GOODLATTE: Well, I have lots of reports, that I have seen, and lots of reports that I have seen in the media --

(CROSSTALK)

BOLDUAN: Right, but as far as the government and the intelligence agency and that they believe?

GOODLATTE: Well, I think that, certainly, what they have and what they believe is entirely within the scope of what should be considered. But I also think that this needs to be a thorough investigation to satisfy the American people that has been thoroughly and fairly investigated.

BOLDUAN: Congressman, I just want to make sure I get this right. As far as it goes right now, you've met with Mueller, do you have any concerns about the scope or where this investigation is going right now? Are you comfortable with how Mueller is handling it?

GOODLATTE: Everything I know right now indicates that he is acting within his scope and that he is taking that very seriously, but beyond that, I cannot comment. Nor will I rely just upon what I learned from Mr. Mueller. We're also pursuing that with the Department of Justice to make sure that what we understand is taking place is within the scope of his authority.

BOLDUAN: Congressman, you're also part of the informal -- I guess we'll call it, informal working group that Speaker Ryan has put together, to come up with the actual deal that the president struck with Democrats, when it comes to immigration and DACA recipients. What is that deal going to look like?

GOODLATTE: Well, there is no deal until there's a deal. And I think both the president and his chief of staff, General Kelly, have made that clear since that dinner with Nancy Pelosi and Chuck Schumer. In fact, the chief of staff contacted me the next day to assure me that there was no deal, and that he had laid out all of the enforcement measures, not just border, whether that's a border wall or not, not just border issues, but all of the enforcement issues related to the interior of the country, related to making sure, for example, that legislation that's already passed the House on sanctuary cities, on Kate's law, on gangs --

(CROSSTALK)

BOLDUAN: Real quick, because your satellite is about to go down, are you looking at a pathway to citizenship or just protections?

(CROSSTALK)

GOODLATTE: We are -- I'm not going to support a pathway to citizenship, for DACA recipients, because that would give them an advantage over people who are law-abiding citizens and who have followed the law in their process of emigrating to the United States. And certainly, I'm not going to support anything unless it includes the full enforcement measures that are so important to make sure, as Speaker Ryan said, this doesn't happen again.

BOLDUAN: Congressman Bob Goodlatte, always appreciate your time. I have many more questions, but we're about to lose your satellite, so we have to let you go. So I appreciate it. It sounds like to me there's a lot of work to be done before that six-month deadline comes that the president has come up with some deal to protect Dreamers.

GOODLATTE: Indeed, Kate.

BOLDUAN: Indeed.

GOODLATTE: We're working on it and we're ready.
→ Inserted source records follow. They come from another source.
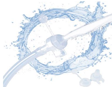
再使用可能な 汎用吸引チップ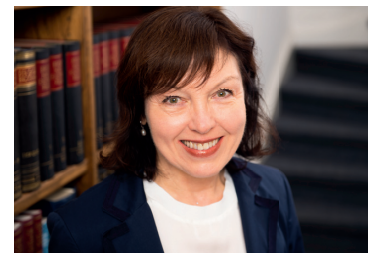
Marion Künker English, Deutsch

Phone: +49 541 96202 0 Fax: +49 541 96202 22 E-Mail: service@kuenker.de Website: www.kuenker.com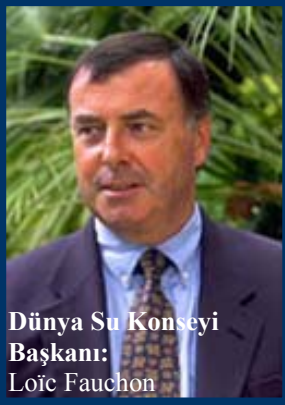
Dünya Su Konseyi Başkanı: Loïc Fauchon

Dünya Su Konseyi (WWC) uluslararası ve çok paydaşlı bir platformdur. 1996 yılında su alanındaki ünlü uzmanların ve uluslararası kuruluşların girişimiyle uluslararası topluluğun su meseleleri konusunda artan kaygılarına yanıt vermek üzere kurulmuştur. Dünya Su Konseyi'nin misyonu “Dünya üzerindeki bütün canlıların yararına çevresel bir sürdürülebilirlik temeli üzerinde suyun bütün boyutlarıyla etkili bir şekilde korunması, geliştirilmesi, planlanması, yönetimi ve kullanımını kolaylaştırmak için en üst düzey karar mercileri dâhil, bütün düzeylerde farkındalık yaratmak, siyasi sorumluluk oluşturmak ve kritik su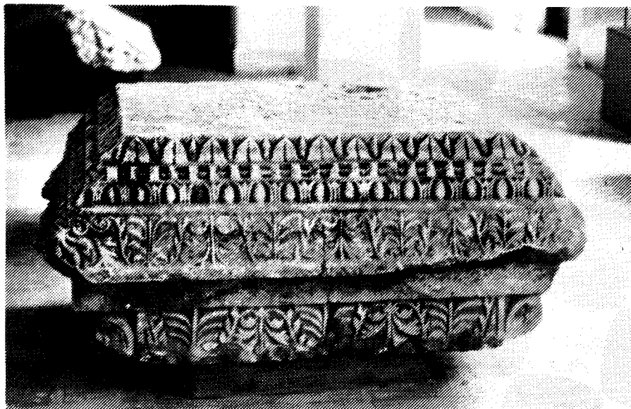
Круниште надгробне аре пронађено на локалитету Градац у Петрову пољу

Најзанимљивији налаз који потиче из села Градац је круниште надгробне аре, случајно ископано 1979. године недалеко од сеоске школе. Круниште је украшено са два реда палмета и по једним редом јонске и лезбоске киме. Украс иде дуж три стране овог четвороугаоног каменог блока чији се профил постепено сужава према доле, док је четврта страна једнако профилисана али без украса готово као да та страна у гробном ареалу није ни требала да буде изложена погледима. Круниште завршава правоугаоником који лево и десно има додатке попут јастучића. Јастучићи на предњој страни имају по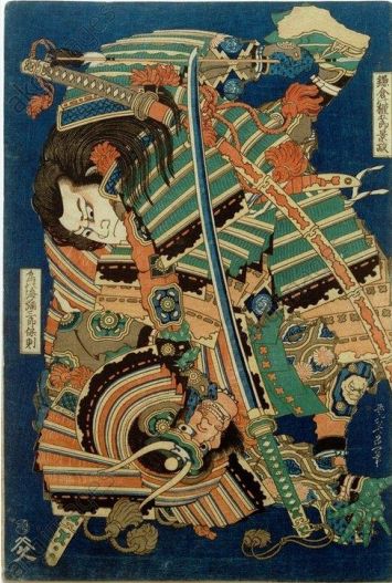
Kamakura Gongoro Kagemasa et Torinoumi Yasaburo Yasunori en duel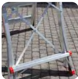
Stabilizatory krzyżowe. Stabilizing cross brace.

Kompaktowa, lekka i łatwo się składa. Compact, light and easy to close.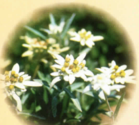
■レブンウスキソウ 6月～8月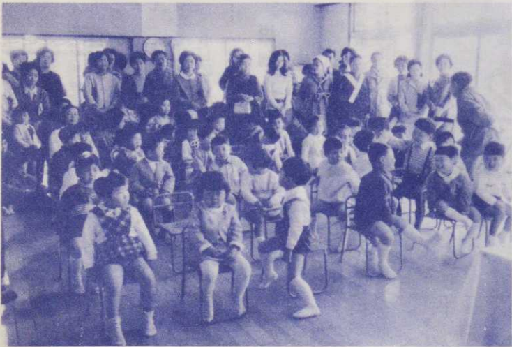
▲元気に開所式へ出席した八桶保育所の幼児たち

ともに職場に出て働かれています。そのため、保育に欠けるといふ家庭のために年間保育となりました。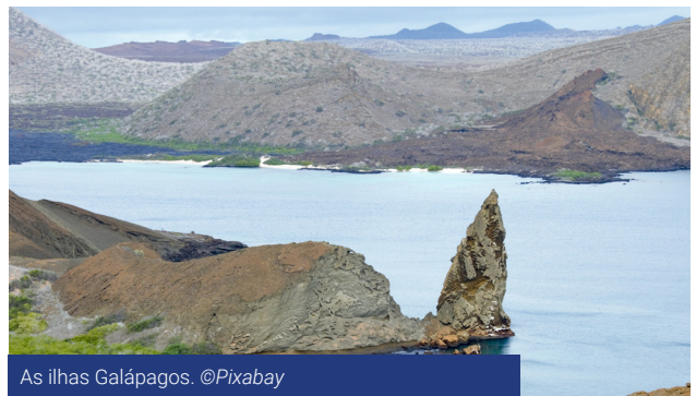
As ilhas Galápagos.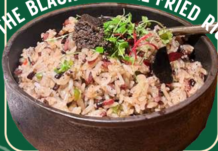
THE BLACK TRUFFLE FRIED RICE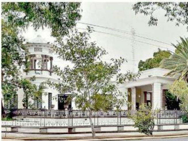
La dirección de Verificación y Control de Obras de la Contraloría cuenta con un área de quejas y denuncias.

Además, esta invitación a que los ciudadanos reporten incumplimientos por parte de las empresas contratistas se da luego de dar a conocer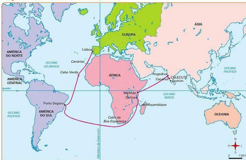
Viagem de Cabral ao Brasil e Calecute, 1500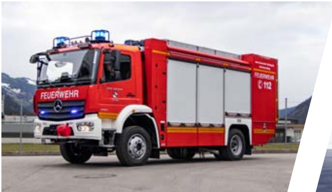
Rüstwagen, RW Rescue Vehicle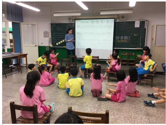
師生共同討論樂曲段落，間奏音樂加入響板伴奏，練習間奏的節奏樂段。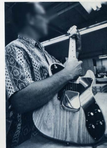
ギター検品作業(テレキャスターカスタム ナチュラルメイプルネック) この様に1本1本細部にいたるまでチェックされ、合格したものののみ出荷されます。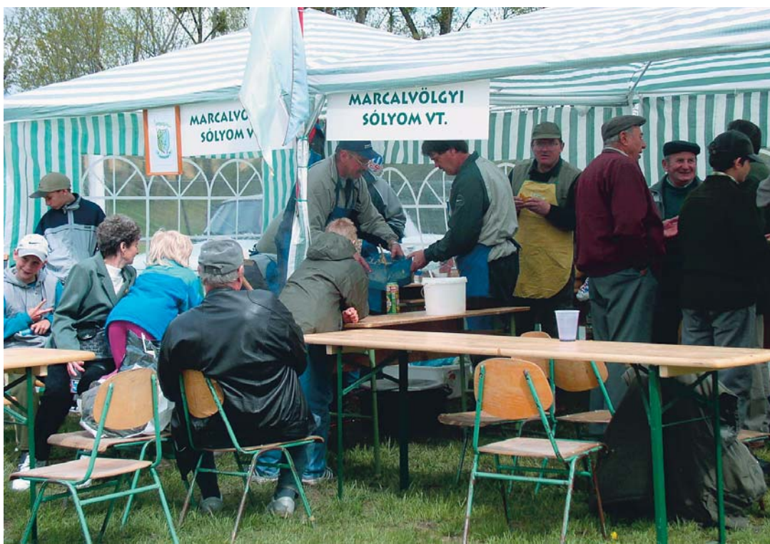
Évek óta legnagyobb sikerrel a vadászok főzőversenye zajlik. Ezúttal 14 vadásztársaság kínálta a jobbnál jobb étkeket

Ahogy azt már korábban megszoktuk, a legnagyobb érdeklődés ezúttal is a főzőversenyt övezte, amelyre 14 vadásztársaság nevezett. Szinte mindenféle vad került a kondérokba. Győztest nem hirdettek, hiszen mindegyik szakácscsapat kitétt magáért, ezért egy serleggel térhetek haza. Az eredményt a „kóstoló bizottság”, vagyis a látogatók díjazták, azzal, hogy az ételeket mind egy szálal elfogyasztották. Egészségükre!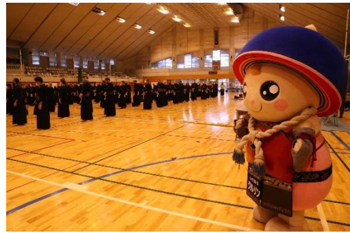
前回「かながわシニアスポーツフェスタ剣道大会」の様子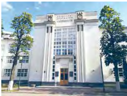
Мал. 138. Будынак навучальнага корпуса факультэта географіі і геаінфарматыкі БДУ, г. Мінск

Спецыялістаў больш высокай кваліфікацыі рыхтуюць установы сярэдняй спецыяльнай адукацыі. Яны прадстаўлены 224 разнапрофільнымі каледжамі. Больш за ўсё сярэдніх спецыяльных каледжаў у Мінску, дзе прадстаўлены амаль усе профілі. Шмат каледжаў у Гомелі, Гродне, Віцебску, Бабруйску і Магілёве. Кожны трэці навучэнец асвойвае спецыяльнасць тэхнічнага профілю, кожны шосты — эканамічнага і юрыдычнага профілю. Спецыяльнасці, звязаныя з сельскай гаспадаркай, атрымліваюць 11,3 % навучэнцаў.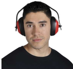
HA-110 Orejeras de 23 dB de NRR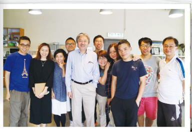
巧遇特首選舉候選人曾俊華先生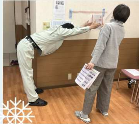
動的バランス (ファンクショナルリーチ)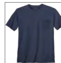
NOS RF 01 navy ID: 10047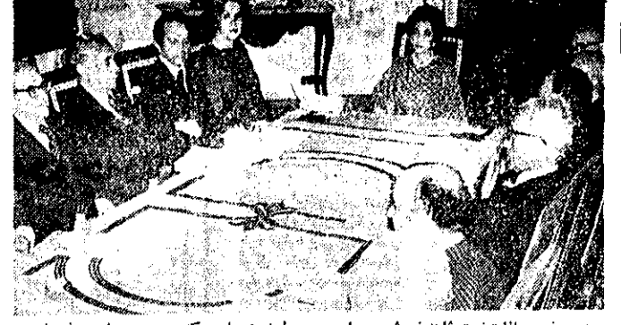
در حضور والاحضرت شاهنشاهی پهلوی، جلسه هیات مرکزی جمعیت شیرو خورشید سرخ ایران، در کاخ خاتمامی ملکه پهلوی تشکیل شد.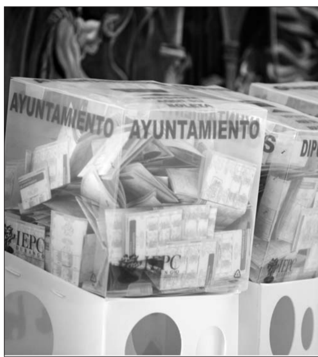
Alcance. Se pretende que hombres y mujeres tengan las mismas oportunidades en el ámbito electoral.

"Consideramos que la paridad es mucho más que hablar de equilibrio perfecto, implica debatir, de manera transversal, la distribución de roles, tareas, oportunidades y poder que ocurre en todos los ámbitos de la vida social. La paridad cuestiona la división sexual del trabajo, según la cual la mayoría de las mujeres está a cargo de las labores del cuidado y de lo doméstico".

[11:44:39] BOLDUAN: Thank you so much, sir. Please come back on. Appreciate it.

Of course, we're going to go to Washington, unfortunately, to where we have been too many times in the past few weeks. Talking about another monster hurricane. Hurricane Maria, who has been lashing Puerto Rico. Just look at some of the video that has been brought in of what this looked like in the midst of it.

Where is the devastation, how hard was it hit? How many people are going to be without power? The governor there saying that he fears that this is going to be catastrophic, what is left behind, and where it's headed next. That's coming up.

(COMMERCIAL BREAK)

[11:49:34] BOLDUAN: Right now, millions of Americans are left reeling from the most powerful storm to hit Puerto Rico in nearly 90 years.

(BEGIN VIDEO CLIP)

(WIND BLOWING)

(END VIDEO CLIP)

BOLDUAN: Hurricane Maria has been lashing the island all morning, even weakening slightly. It still is packing a punch of some 140 miles an hour. It came ashore this morning and Puerto Rico's governor is warning that the damage will be catastrophic. The first images show palm trees stripped bare, root tops peeled back from buildings. More than 10,000 people evacuated their homes and had moved into shelters. One National Hurricane Center forecaster ended up tweeting out he's starting to run out of waves to describe these storms and to describe Maria, just horrifying.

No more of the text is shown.